Case Sensitivity in In-Page Anchors
As I’ve been working on Chibrary, I ran into a small cross-browser compatability issue: only some browsers treat anchors as case-sensitive. The call numbers that uniquely identify messages would be perfect for linking to in the middle of a long discussion, but some of them only differ by case.
So I wondered: is that acceptable in linking to an anchor inside the page? A quick experiment with Firefox worked fine, but I wanted to be thorough.
When the HTML5 spec talks about scrolling to a “fragment identifier” (aka “fragid” or “named anchor”) there’s mention that a special value of “top” is case-insensitive and otherwise:
- Let decoded fragid be the result of applying the UTF-8 decoder algorithm to fragid bytes. If the UTF-8 decoder emits a decoder error, abort the decoder and instead jump to the step labeled no decoded fragid.
- If there is an element in the DOM that has an ID exactly equal to decoded fragid, then the first such element in tree order is the indicated part of the document; stop the algorithm here.
- No decoded fragid: If there is an a element in the DOM that has a name attribute whose value is exactly equal to fragid (not decoded fragid), then the first such element in tree order is the indicated part of the document; stop the algorithm here.
So it’s not case-insensitive according to HTML5 (though it used to be in HTML 4.01).
The HTML5 spec goes on to reference RFC 3986 for what a URL is, and section 3.5 begins its definition:
The fragment identifier component of a URI allows indirect identification of a secondary resource by reference to a primary resource and additional identifying information. The identified secondary resource may be some portion or subset of the primary resource, some view on representations of the primary resource, or some other resource defined or described by those representations. A fragment identifier component is indicated by the presence of a number sign (“#”) character and terminated by the end of the URI.
So the relevent specs have no mention of case-sensitivity. Still, being a paranoid developer, I created a test case. The page had enough lorem ipsum to fill a few screens, and two anchors named #ANCHOR
and #anchor
. They’re color-coded so I could asses at a glance, which I did by linking to the lower-case version and seeing if I ended-up at the earlier upper-case version.
Want to guess which one browser got it wrong?

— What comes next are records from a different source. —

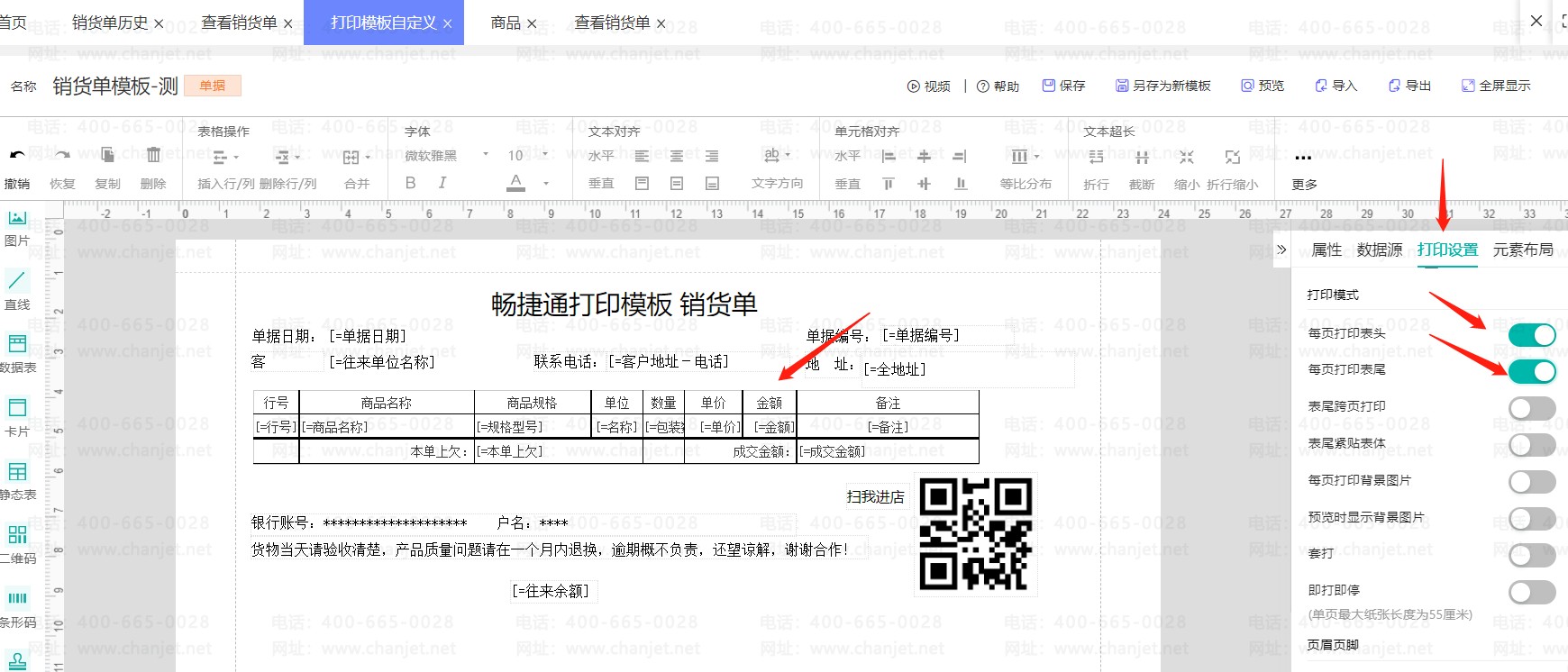 1、打开【系统管理】-【打印模板设置】的界面,打开需要设置的模板,点中右边【打印设置】,【每页打印表头】、【每页打印表尾】选择【是】:
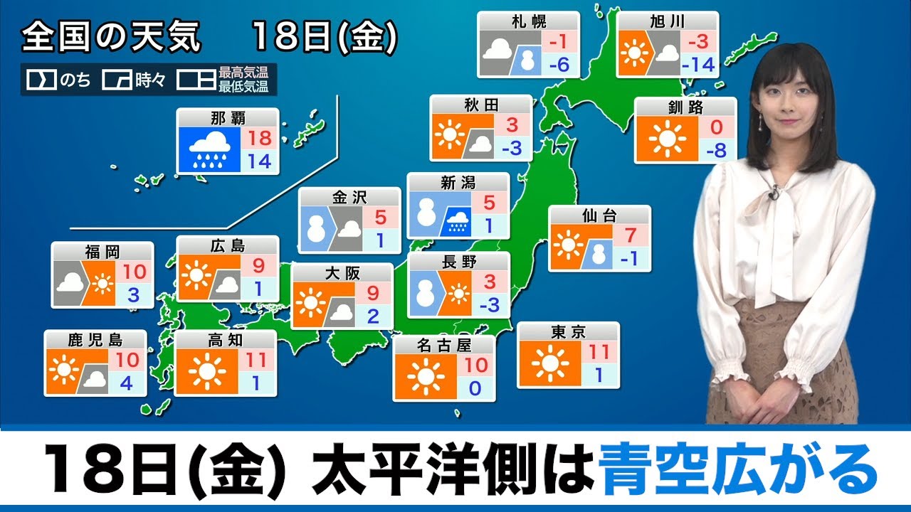 18日(金)は、日本付近の冬型の気圧配置は次第に緩みます。太平洋側では日差しの届く所が多い見込みです。日本海側は雪が降りますが、西から天気は回復に向かいます。
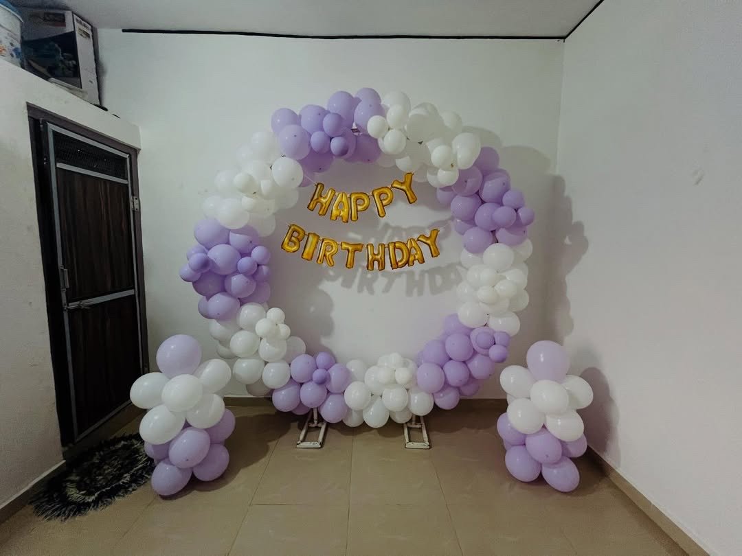 The circular balloon ring is thoughtfully arranged to highlight the “Happy Birthday” banner at the center, making it ideal for photos and intimate celebrations. The side balloon clusters add balance to the setup, giving it a complete and polished look without feeling too heavy.
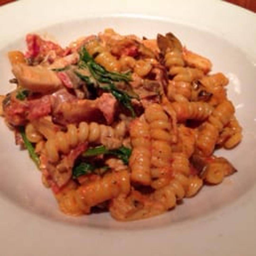 Savor the robust flavors of our Chicken Pasta Rossa. Al dente pasta is generously tossed with succulent pieces of chicken and a vibrant, savory 'Rossa' (red) sauce, expertly seasoned with aromatic herbs and spices to create a comforting and flavorful Italian-inspired classic.
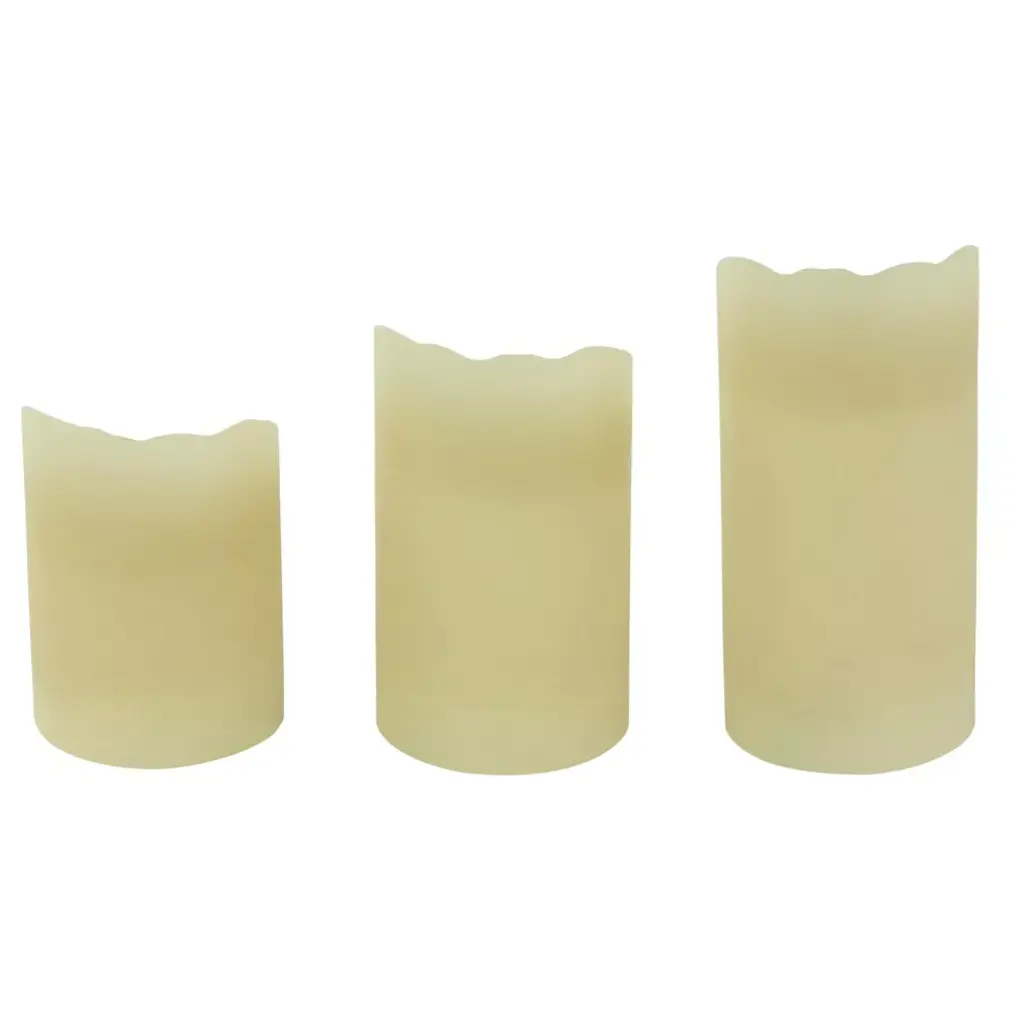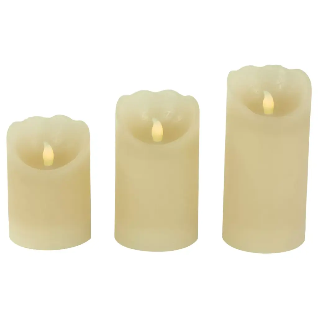 This flameless LED pillar candle with a moving flame will add an elegant touch to your decorations. This candle is made with real wax and the flames lightly flicker for the look and feel of a traditional candle. This classic design will be the perfect addition to bookshelves, mantles, holiday centerpieces, or everyday decor. Product Features: flameless pillar candle set Candles are made of real wax for a realistic look and feel Convenient on/off switch at the bottom Candles each requires 2 "AA" batteries (not included) Recommended for indoor use only Dimensions: Large candle: 6" high x 3" diameter Medium candle: 5" high x 3" diameter Small candle: 4" high x 3" diameter Material(s): wax/plastic NoteSet includes 1 of each item shown
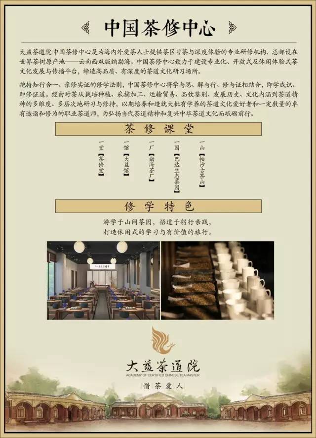 大益集团继开创大益茶道院后,于今年设立中国茶修中心。中国茶修中心将通过大益专业而领先的普洱茶制茶技艺和深厚的企业文化的传承与领受,在勐海这块茶树圣地以游学的方式体验风物,以天地为师,以自然为友,感受茶道真谛、悟得生命况味。大益茶道院勐海分院执行委员会主任委员万平为大家介绍了该中心成立的因缘契机、成立宗旨、班级设置、修学特色及2016年中国茶修中心的总体规划。中国茶修中心近期即将开展第一期招生项目,期待大家的关注!
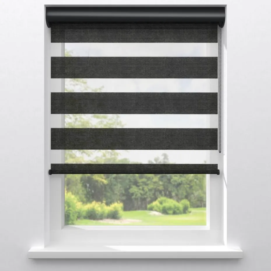 Lichtdoorlatend duo-rolgordijn zwart. De transparante banen hebben een fijne gaasstructuur. De afwisselende open en dichte stofbanen bewegen voor elkaar langs. Zo bepaal je eenvoudig de lichtinval en privacy. Je kunt zelf de kleur kiezen van de cassettes, eindkappen, kettingen, onderlatten en roedes. De bedieningszijde kies je ook zelf: rechts of links. Op maat te maken en eenvoudig met de juiste afmetingen te bestellen.
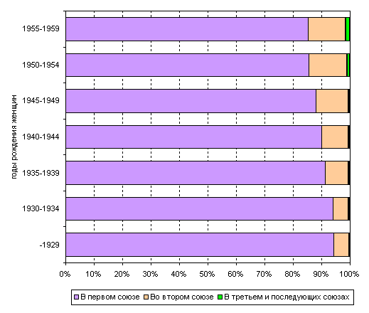 имевшие опыт хотя бы одного союза к 45 годам)
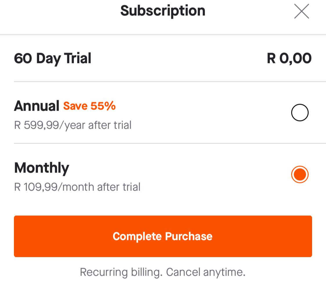 This was the paid-for service that gave you access to more data and ride analysis than the free service. You’re now a Strava User (free) or a Strava Subscriber, which costs you US$5 per month, but as a South African, budget R600 per year (once-off payment) 0r R110 per month (as at 24 May 2020). All current Strava members do get a 60-day Strava Subscriber Trail though, whereby you have to submit your credit card details upfront. If you don’t want to continue after your 60 days and don’t cancel, you’ll be billed. But you can cancel at any time.
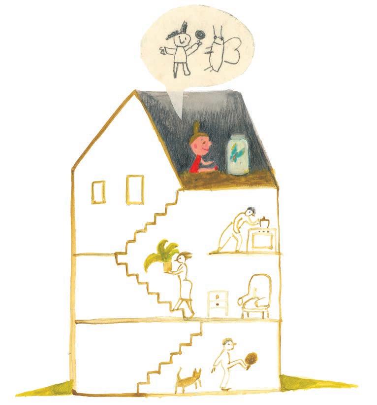 – Nebijo, nes aš nustojau jį gaudyti, – atsakė Liusė. –Nori, parodysiu, ką nupiešiau? – Noriu.
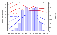 تتميز لاوس بمناخ استوائي موسمي معا موسم من الأمطار من شهر مايو وحتي شهر أكتوبر بينما يتميز المناخ من نوفمبر وحتي فبراير بموسم بارد وجاف بينما يتميز شهري مارس وأبريل بموسم حار وجاف، الرياح الموسمية تحدث بجميع أنحاء البلاد بنفس الوقت على الرغم من اختلافها من سنة الي اخري بينما الأمطار تختلف نسبتها فقد سجلت اعلي كمية 3600 ملليمترا في محافظة تشامباساك بينما سجلت ادني نسبة أمطار في لوانغ برابانغ بحوالي 1360 ملم، الأمطار ليست كافية للزراغة حيث تؤثر بإنتاج الارز سنويا في حالة انخفاضها متوسط درجات الحرارة حول 40 درجة مئوية

Yep, Internet Explorer, versions 6 through 11. Here’s a screenshot of a current IE 11 on Windows 8.1 when linked to #anchor
:
{.aligncenter .size-medium .wp-image-2480 .content width=”300” height=”186”}
I briefly considered base64 encoding the call numbers, but then I remembered my longstanding commitment to myself: never fix an IE-only bug unless required by a job. Internet Explorer has been broken in many ways for a long time, and often fails to correct bugs for backwards compatibility. As long as it’s going to keep wasting so much of my time working around it (...and for a good while after, should it ever stop), I’m not going to donate more time to it.